Old Photographs
For most people who are interested in their family history or those interested in history in general, an old photograph of a place we know, or a place connected to our own family, adds so much to our knowledge of the past. The old saying that a picture paints a thousand words is so true!
In this section, I will be sharing a small selection of my collection of old photographs of Norfolk and East Anglia, to show, in some cases, how much things have changed, but in many cases, just how some things also remain the same!
Gressenhall
My first old photograph is of Gressenhall, a lovely Norfolk village, with village green, duck pond and, unusually for today, a village shop and Post Office. Yes, this Post Office in the photograph, is still open for business and has changed very little.

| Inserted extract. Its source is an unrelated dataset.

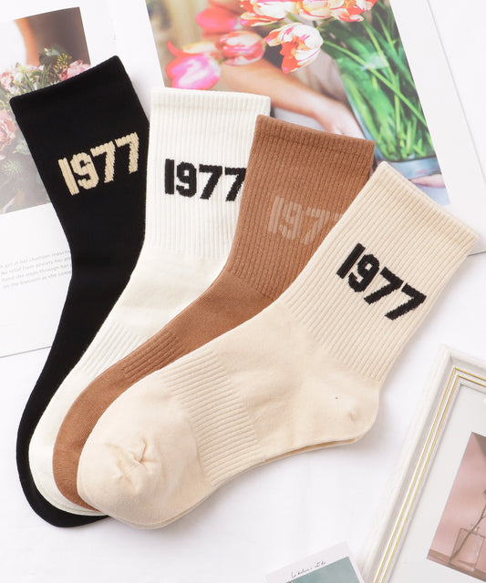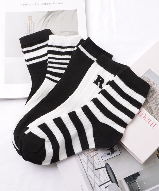 【4足セット】ナンバー ロゴ リブ クルー ソックス

The Reading Room to the right, has had a modern extension on the front, but it too, is still used by villagers, not as a reading room, but for Mother & Toddler, Play-Group, Parish Council, Art Group and many other uses. The main change to this view from then to now, are the trees! They are no longer little saplings!
Hempton
From one view that has altered very little, to this one that has changed completely! There is nothing in this view of Goggs’ Mill that remains today. According to the information on the Norfolk Mills website; HERE, the mill itself was demolished in the 1950’s.
King’s Lynn
King’s Lynn is one of my favourite towns in Norfolk as it is where we used to go every week to do our shopping when I was a child and near where my Grandparents lived. My ancestors knew it when it was an important fishing town and when the town was crammed full of tiny back streets and cramped cottages, overflowing with large families, living in terrible conditions. This view of The Greenland Fishery Public House shows just such a typical Edwardian street but it doesn’t show what was behind the respectable looking houses on the street frontage! Many of these houses and shops had passages that led to the back yard, around which were groups of cottages. In those cottages lived the likes of my ancestors, often in a couple of rooms, families of ten or more, sharing every tiny bit of space available. Families in such yards sharing one toilet and, if they were lucky, a pump of fresh water. Little wonder they lost many children in infancy and the adults died young.
This building in the foreground, on the left still stands, but the whole right-hand side of the picture has been replaced by modern slums from the 1960’s. St Margaret’s Church can be seen in the distance.